- Aim of the task
In the records below, begin at the line containing "Televizní skříňka je" and end at the line containing "Lavatory Faucet Metropole"; quote every line in that span exactly, including both boundary lines, and no others.

- Task material
______________________________

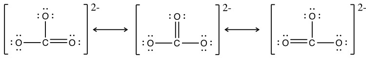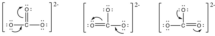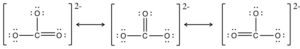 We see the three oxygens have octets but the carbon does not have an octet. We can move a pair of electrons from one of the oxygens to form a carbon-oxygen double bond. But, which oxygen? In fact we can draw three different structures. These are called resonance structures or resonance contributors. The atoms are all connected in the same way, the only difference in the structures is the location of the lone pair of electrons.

______________________________

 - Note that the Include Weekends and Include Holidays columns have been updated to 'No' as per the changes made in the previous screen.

______________________________

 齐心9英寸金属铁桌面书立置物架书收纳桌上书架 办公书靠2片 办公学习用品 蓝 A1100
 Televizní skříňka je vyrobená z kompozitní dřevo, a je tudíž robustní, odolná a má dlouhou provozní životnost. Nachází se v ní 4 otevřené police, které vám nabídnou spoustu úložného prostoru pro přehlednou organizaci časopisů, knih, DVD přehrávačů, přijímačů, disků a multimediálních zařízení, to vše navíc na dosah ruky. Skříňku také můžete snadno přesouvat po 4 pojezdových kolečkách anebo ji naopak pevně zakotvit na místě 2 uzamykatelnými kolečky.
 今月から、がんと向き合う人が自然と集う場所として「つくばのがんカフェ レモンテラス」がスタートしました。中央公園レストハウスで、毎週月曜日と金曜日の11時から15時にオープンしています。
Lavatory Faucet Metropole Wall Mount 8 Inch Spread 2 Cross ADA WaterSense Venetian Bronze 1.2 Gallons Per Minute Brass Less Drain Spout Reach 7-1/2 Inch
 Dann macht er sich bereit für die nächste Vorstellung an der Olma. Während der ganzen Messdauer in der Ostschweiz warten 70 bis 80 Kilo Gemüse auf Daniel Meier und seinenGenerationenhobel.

______________________________

- Output below
 Televizní skříňka je vyrobená z kompozitní dřevo, a je tudíž robustní, odolná a má dlouhou provozní životnost. Nachází se v ní 4 otevřené police, které vám nabídnou spoustu úložného prostoru pro přehlednou organizaci časopisů, knih, DVD přehrávačů, přijímačů, disků a multimediálních zařízení, to vše navíc na dosah ruky. Skříňku také můžete snadno přesouvat po 4 pojezdových kolečkách anebo ji naopak pevně zakotvit na místě 2 uzamykatelnými kolečky.
 今月から、がんと向き合う人が自然と集う場所として「つくばのがんカフェ レモンテラス」がスタートしました。中央公園レストハウスで、毎週月曜日と金曜日の11時から15時にオープンしています。
Lavatory Faucet Metropole Wall Mount 8 Inch Spread 2 Cross ADA WaterSense Venetian Bronze 1.2 Gallons Per Minute Brass Less Drain Spout Reach 7-1/2 Inch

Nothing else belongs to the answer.